Get help: Don’t be afraid to ask relatives to lend a hand where appropriate. If you’re tired and overworked, you might be better off taking a break and leaving the kids with granny for an hour while you go for a run;


Keep your promises: Whatever their age, kids know what commitment is. One broken promise will break down all the credibility built by five kept ones. Your kids need to be able to count on you;

Watch your mouth: Never say anything bad about their mother and never let them overhear you doing so;

Spend time face-to-face: Make a point of spending time with each child individually. This needn’t be seem like counseling: you can go fishing, cycling, hiking or walking. It’ll do more to create strong bonds than any time spent participating in child-centred group activities. One rule no TV;

Learn to listen, show them how: Help your kids to learn to express their feelings in acceptable ways, such as: “I can understand why you’re upset. You’re allowed to talk about it, but not to hurt someone or break something because you’re feeling cross”. The best way to do this is to have self-control. You should set parameters and an example.

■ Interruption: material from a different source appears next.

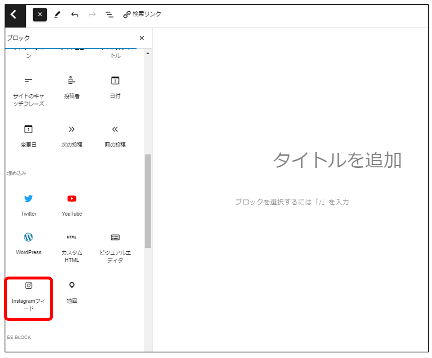 6.フィードを表示したいページの編集画面で「Instagramフィード」ブロックを追加

Climbing Mount Everest without oxygen is one thing. Base-jumping off Half Dome Rock in Yosemite is another. But for real mettle, try getting your kids through supper, bath-time and into bed without losing your marbles.

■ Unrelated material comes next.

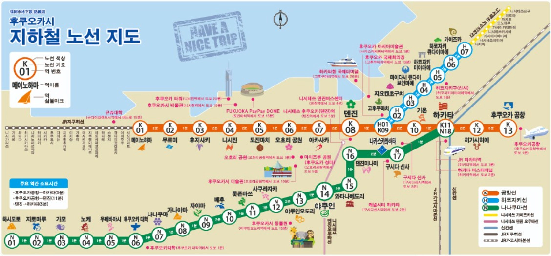 한국인들이 해외여행으로 많이 찾는 도시인 후쿠오카! 지하철과 버스를 주로 이용해서 돌아다니는데 그 중 지하철에 대해서 이런저런 정보를 정리해봤어요! 첫차와 막차시간, 역에 코인로커가 어떤 사이즈로 몇 개가 있는지, ATM과 엘리베이터는 있는지 등을 정리했어요! 정리한 내용 외에 자세한 내용은 아래 '후쿠오카시 지하철' 홈페이지를 참고하세요!

Modern society means that most of us bookend our days with a couple of hours of time with our kids. The rest of the time is spent working, commuting and sleeping. If your children are small, you might spend some of this time haranguing them into eating their breakfast or supper, getting dressed or taking a bath.

This can be a time of family cohesion and harmony, where you gently usher your youngsters through the necessary activity while doing some bonding with them and getting some entertainment. Or it can be a sore travail involving several hours of raised voices, threats, tears and compacted molars.

The time that small children have supper, get bathed and go to bed has been dubbed the Suicide Hour. It’s when beleaguered, frazzled parents begin to ponder the merits of prescription drugs.

It needn’t be. Here are a few ways to ease the pain:


Discuss nights off with your partner: You might decide that on one or two nights each week she disappears entirely, leaving you to do everything. The next week it’s her turn. That way you each have a complete break from your routine. This might not work for families where both parents are needed to keep each other sane.

Get home early: Children have their own unique ways of expressing their displeasure about the fact that you worked late every night last week. On “your” nights, a few minutes outside in the garden, in a nearby park or even romping around the house can settle them down, burn off some calories and get them some fresh air. Some greenie-types maintain that walking barefoot on damp grass stabilises the body’s polarity, which is thrown out of kilter by being near things that generate static, like TV sets, computer monitors, motor vehicles and home appliances.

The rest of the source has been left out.